Итак, в декабре 1927 года в Москве прошел XV съезд партии. Оппозицию уже не били, а добивали. Рыков с иронией заявлял: «Товарищи, т. Каменев окончил свою речь тем, что он не отделяет себя от тех оппозиционеров, которые сидят теперь в тюрьме… Я не отделяю себя от тех революционеров, которые некоторых сторонников оппозиции за антипартийные и антисоветские действия посадили в тюрьму. (Бурные аплодисменты, крики „ура“.)»[75]. На этом столичном фоне Каганович выделялся не столько своими нападками на оппозицию, сколько постоянными упоминаниями Сталина. Выступавшие не восхваляли Иосифа Виссарионовича, да и вообще не упоминали о нем. Это было не в обычае. К тому же даже беспринципные подхалимы не могли бы с первого взгляда определить, предстоят ли в будущем столкновения, например, Сталина с Бухариным, и если да, то чем они закончатся. Делать окончательную ставку на кого-то одного было все еще рано.

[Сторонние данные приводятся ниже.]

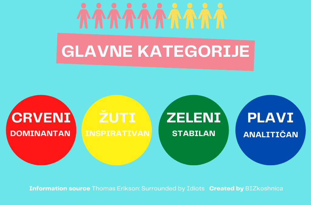 Thomas Erikson, autor svjetskog bestselera Okruženi idiotima, u svojoj knjizi opisuje različite tipove ličnosti. Dijeli ih na Crvene, Žute, Zelene i Plave. Na zanimljiv i duhovit način autor prikazuje karakteristike i primjere situacija u kojima pojedina boja (tip) reagira. Autor napominje da je najčešći ishod da osoba sadrži dvije boje, stoga ćemo teško kategorizirati osobu u jednu boju, ali svakako neke sličnosti možemo pronaći.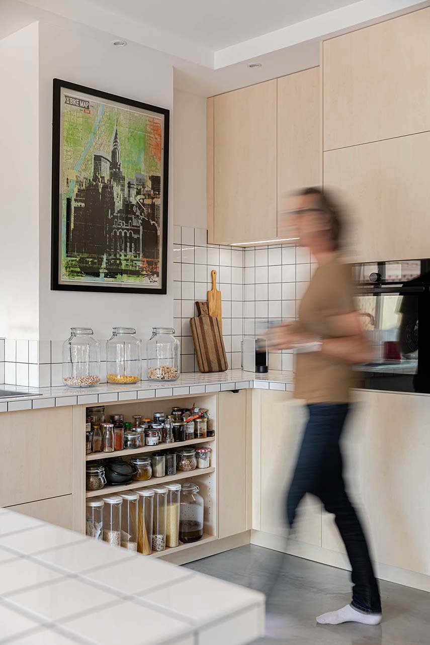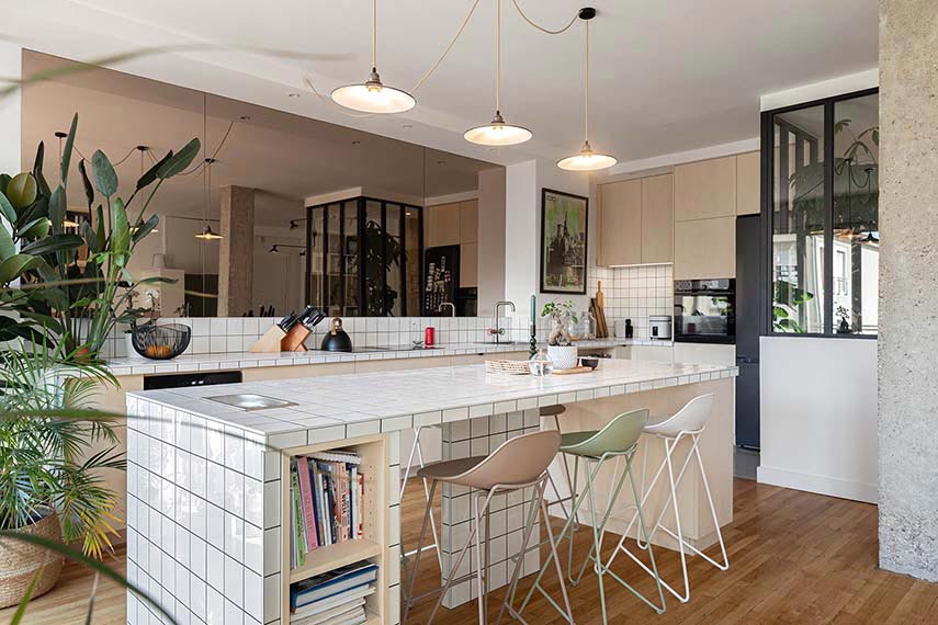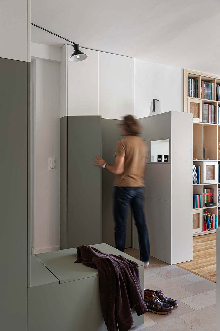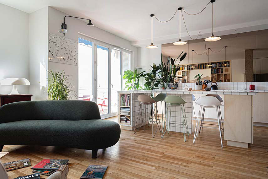 Interior architect Regis Lannoy designs the new layout of the "Croix-Rousse" apartment: 75 square meters originally divided with a hallway and a windowless bathroom, a bedroom, kitchen, and living room. A focus of Lannoy's interior design projects is natural light and its maximum circulation in the spaces. Here, after the renovation, there are no more windowless areas, the space is open and flooded with light

Каганович подстраивался под общий тон и, когда бывал в глубинке, имя Сталина в выступления не вставлял; а в важных докладах в Харькове или в Москве произносил слово «Сталин» обязательно, но только один раз за одно выступление и как бы вскользь, между прочим. Аудитория не могла ничего заметить, а сам Сталин должен быть заметить непременно. Так и на XV съезде: в речи Кагановича проскочила фраза: «Прав тов. Сталин — нет у нас еще полного стопроцентного благополучия»[76]. Неделей раньше, на съезде украинском, этот прием был исполнен так: «Оппозиция пытается всегда доказать, что у нас все делается по наказу верхушки и, в частности, Сталина. Эта ложь целиком опровергается теми фактами, которые мы имеем… Мы сделали все за последние 2 года, чтобы спасти оппозицию. Кое-кого ЦК спас. Некоторые товарищи, которые пошли было с Троцким, пришли к партии. Например, т.т. Николаева, Бадаев, Сокольников, Крупская»[77]. Сказано вроде бы не о Сталине…
В начале съезда Каганович был впервые избран в президиум; в конце — стал кандидатом в члены политбюро (вместе с Петровским и Чубарем). В новом составе ЦК был и противник Кагановича Киркиж.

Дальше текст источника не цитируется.